### PROBLEM
Quote the data below in full, minus the images.

··· AVAILABLE RECORDS

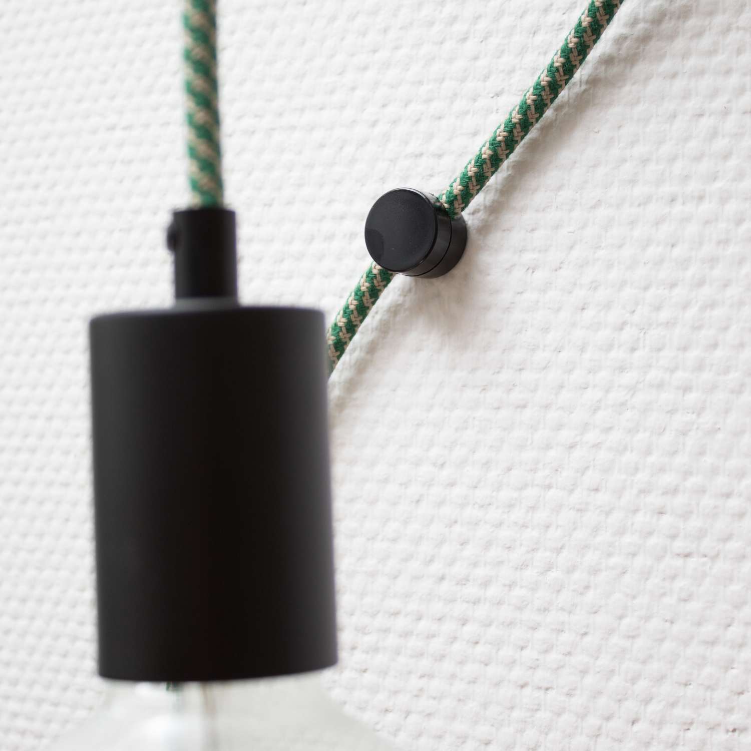 Diese schlichte Kabelführung eignet sich hervorragend zum einfachen Fixieren von Kabeln an der Decke oder der Wand. Kabel bis zu einem Durchmesser von 8 mm passen mühelos durch die Öffnung der Fixierung. So kann das Kabel entweder kunstvoll an Wand und Decke entlang geführt oder aber dezent vom Stromauslass bis zum eigentlichen Platz der Lampe geleitet werden, falls die sog. Affenschaukel nicht gewünscht ist oder die Distanz zwischen Stromanschluss und Lampe so groß ist, dass das Kabel stark durchhängen würde. Farbe: Weiß oder Schwarz Material: Kunststoff Lieferumfang: Kabelführung inkl. passender Schraube und Dübel Maße: ø 2 cm, Höhe ca. 1,5 cm - passend für Kabel bis ø 8 mm (alle unsere Textilkabel passen) In unserem Magazin findest du weitere hilfreiche Tipps zur Installation
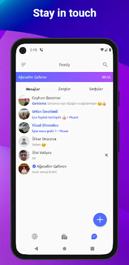 Audio calls: Forgot numbers to call to each other. Just select a person from your list and call. Tell about your ideas and feelings.
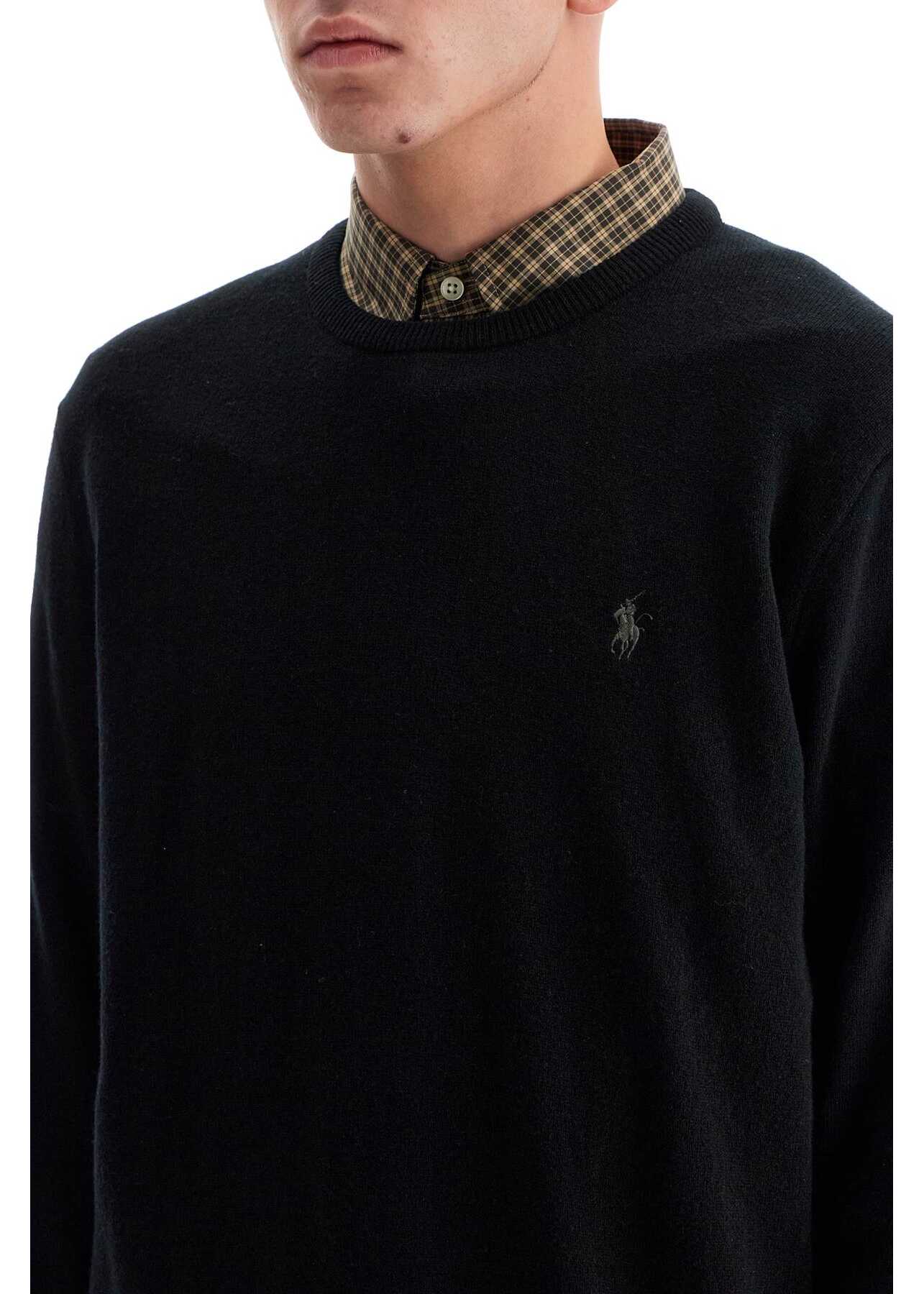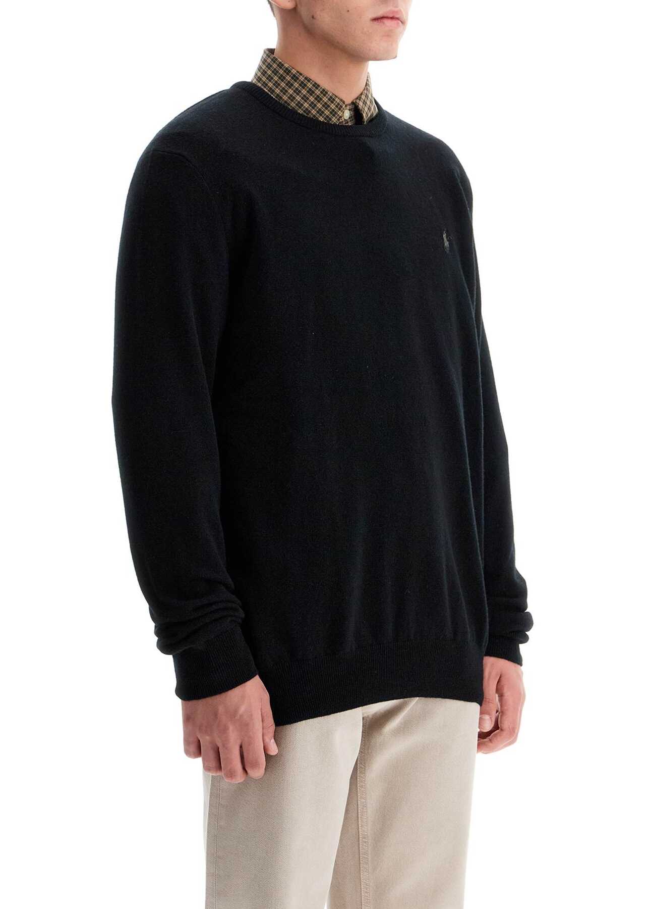 Polo Ralph Lauren crew-neck sweater in pure wool knit, featuring the signature pony embroidery at chest, finished with ribbed edges. Relaxed fit. The model is 182 cm tall and wears a size L.
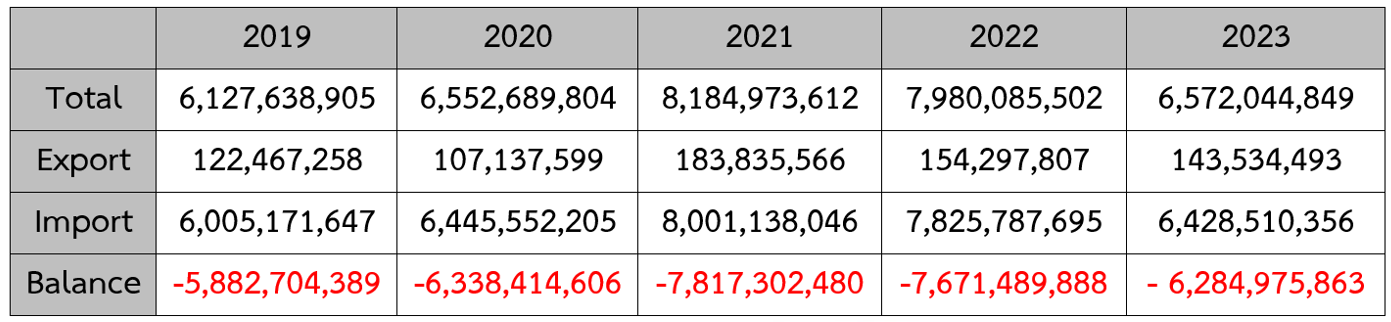 2.3 ภาพรวมมูลค่าการค้าสินค้ากุ้งของสหรัฐฯ มูลค่าการค้าระหว่างประเทศกลุ่มสินค้ากุ้งของสหรัฐฯในภาพรวม ถือว่าอยู่ในสภาพขาดดุลทางการค้าอย่างต่อเนื่องในช่วงระหว่างปีค.ศ. 2019 – 2023 หรือ 5 ปีให้หลัง ซึ่งสอดคล้องกับข้อเท็จจริงของสัดส่วนสินค้ากุ้งในตลาดสหรัฐฯ ที่สินค้าที่ผลิตในสหรัฐนเองมีสัดส่วนเพียงร้อยละ 5 เท่านั้น
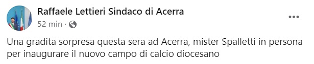 "Una gradita sorpresa questa sera ad Acerra, mister Spalletti in persona per inaugurare il nuovo campo di calcio diocesano"
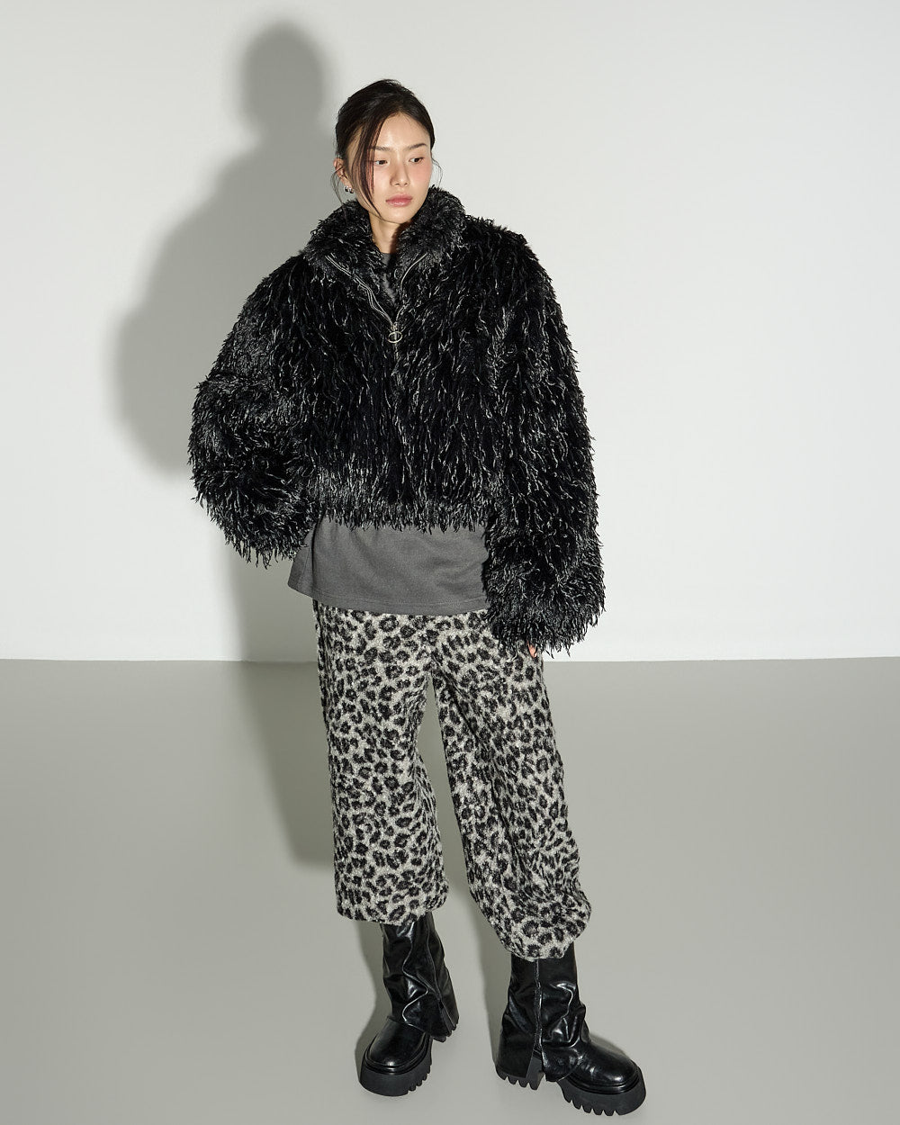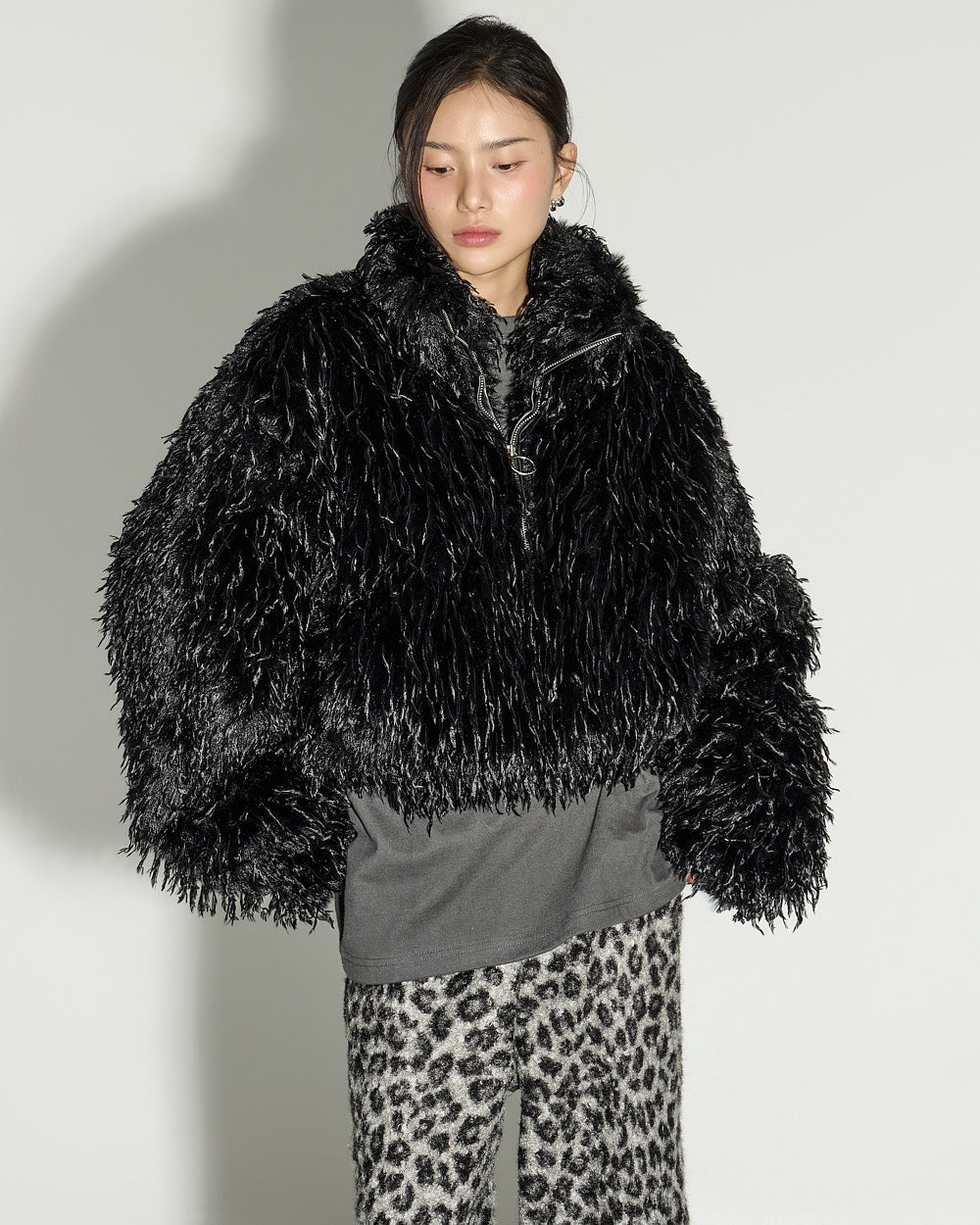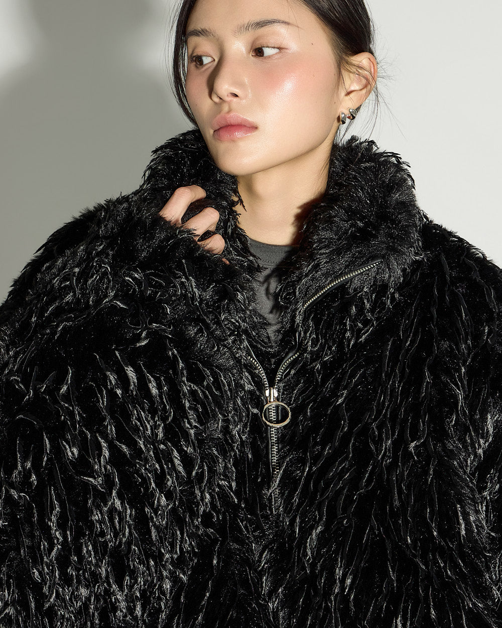 J3052 Fur Zip-Up Short Jacket

······

### SOLUTION BELOW
 Diese schlichte Kabelführung eignet sich hervorragend zum einfachen Fixieren von Kabeln an der Decke oder der Wand. Kabel bis zu einem Durchmesser von 8 mm passen mühelos durch die Öffnung der Fixierung. So kann das Kabel entweder kunstvoll an Wand und Decke entlang geführt oder aber dezent vom Stromauslass bis zum eigentlichen Platz der Lampe geleitet werden, falls die sog. Affenschaukel nicht gewünscht ist oder die Distanz zwischen Stromanschluss und Lampe so groß ist, dass das Kabel stark durchhängen würde. Farbe: Weiß oder Schwarz Material: Kunststoff Lieferumfang: Kabelführung inkl. passender Schraube und Dübel Maße: ø 2 cm, Höhe ca. 1,5 cm - passend für Kabel bis ø 8 mm (alle unsere Textilkabel passen) In unserem Magazin findest du weitere hilfreiche Tipps zur Installation
 Audio calls: Forgot numbers to call to each other. Just select a person from your list and call. Tell about your ideas and feelings.
 Polo Ralph Lauren crew-neck sweater in pure wool knit, featuring the signature pony embroidery at chest, finished with ribbed edges. Relaxed fit. The model is 182 cm tall and wears a size L.
 2.3 ภาพรวมมูลค่าการค้าสินค้ากุ้งของสหรัฐฯ มูลค่าการค้าระหว่างประเทศกลุ่มสินค้ากุ้งของสหรัฐฯในภาพรวม ถือว่าอยู่ในสภาพขาดดุลทางการค้าอย่างต่อเนื่องในช่วงระหว่างปีค.ศ. 2019 – 2023 หรือ 5 ปีให้หลัง ซึ่งสอดคล้องกับข้อเท็จจริงของสัดส่วนสินค้ากุ้งในตลาดสหรัฐฯ ที่สินค้าที่ผลิตในสหรัฐนเองมีสัดส่วนเพียงร้อยละ 5 เท่านั้น
 "Una gradita sorpresa questa sera ad Acerra, mister Spalletti in persona per inaugurare il nuovo campo di calcio diocesano"
 J3052 Fur Zip-Up Short Jacket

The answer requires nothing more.